Revenons sur la façon dont vous avez travaillé avec Yann. Vous n’avez pas eu le scénario en une fois ?
Non, en deux fois mais avec un synopsis avec une fin assez floue. Je préfère un scénario terminé mais avec Yann je ne me fais pas de soucis. Il y a souvent des corrections de dialogues mais il intervient peu dans le dessin. Pour un oubli de détail parfois, et il est toujours super enthousiaste. Je suis impressionné par sa rigueur et c’est sécurisant. Quand je fais une BD avec des éléments historiques très forts j’espère qu’elle va susciter la curiosité mais je n’aimerais pas qu’on donne de fausses infos pour le plaisir de la fiction.
Avec Double 7, on va redécouvrir un conflit même si il est de plus en plus souvent traité en BD, une guerre civile terrible, la répétition de 1939.
Le sujet n’est pas traité dans Double 7, mais ce qui me navre c’est l’accueil qu’on a fait aux réfugiés espagnols en 39, ce dont vous parliez tout à l’heure.

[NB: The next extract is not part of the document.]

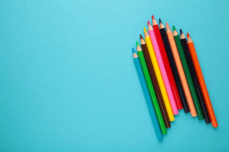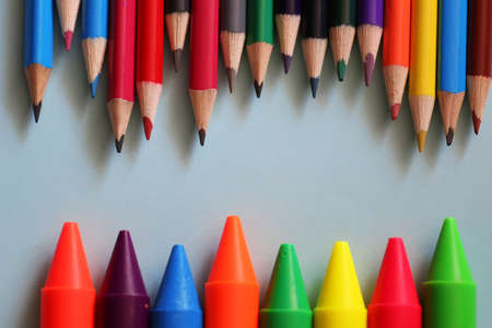 A colorful pile of crayons and pencils on a blue background. The crayons and pencils are of various colors and sizes, creating a vibrant and playful scene. Concept of creativity and imagination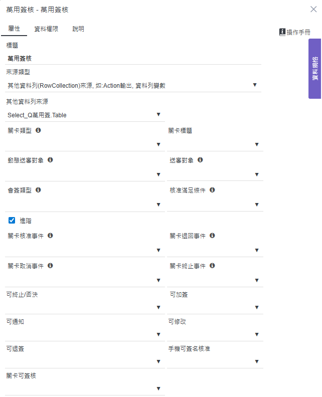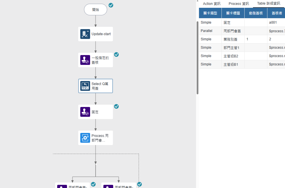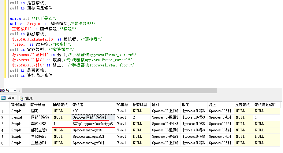 關卡類型=Parallel(會簽),需搭配會簽類型及滿足條件設定, $process.同部門會簽$ 簽核者=$process.同部門會簽$ ,系統認字串$process.$ 會執行頁面actios的Name的執行結果作業簽核人員 簽核者=$Oltp1.approvals.salestype$ ,需搭配動態簽核=1,系統才會判斷額外進行Script解析處理,取得$資料來源.資料表.欄位名稱$,如果動態簽核未指定,全部當作固定字串處理 |

Quand j’étais gamin j’habitais une petite ville de Corrèze où il y avait des réfugiés qui avaient été assez bien accueillis. Et qui se sont rapidement intégrés. Il y en avait un qui était un cycliste qui gagnait des courses. Mais à leur arrivée, ils ont été parqués, trahis.
C’est un sujet porteur qui devrait être bien reçu. Vous avez d’autres projets avec Yann ?
Pas pour le moment. Il m’a parlé d’un sujet qu’il faut que je lise sur la guerre d’Algérie, l’OAS. Je ne sais pas, si ça me plait, quand je pourrais le faire. Je suis actuellement sur un nouveau Lena avec Christin que j’ai commencé. J’aime bien ce personnage. Au départ, Pierre voulait faire un chapitre pour une intégrale. A y être, je lui ai dit faisons un album. C’est le troisième qui se passe de nos jours, un huis clos dans une conférence internationale pour remodeler le Moyen Orient.
Vaste programme.
Jusqu’à présent cela n’a pas été une réussite mais il y a dans l’album des gens de bonne volonté, pas tous, pour refaire la carte du Moyen Orient.
Et après ?
J’avais repris les Sept Vies de l’Épervier que j’avais arrêté faute de scénario. Cothias a réapparu il y a deux ans et m’a donné la fin de l’épisode, puis deux autres. Mais j’ai calé car j’aimerai bien écrire un scénario moi-même. Une histoire dans le genre du Cahier Bleu mais se situant au XVIIIe siècle aux alentours de la Révolution. Pas une BD historique. Je n’ai plus vraiment envie de faire du contemporain. Yann m’avait proposé aussi une bonne histoire sous l’Empire mais qui tournait au fantastique et ce n’est pas mon truc.
Blake et Mortimer ?
On a un projet avec Sente dans deux, trois ans. L’idée, en deux mots, d’une histoire qui tournerait autour de la légende du roi Arthur en Cornouailles. Olrik serait le personnage central de l’histoire. On a posé des jalons avec un cahier des charges, de l’action et les héros très présents. Dans le dernier j’ai été frustré. On voit Blake et Mortimer au début et ensuite pendant vingt pages ils disparaissent. C’est plaisant à dessiner mais frustrant (rires).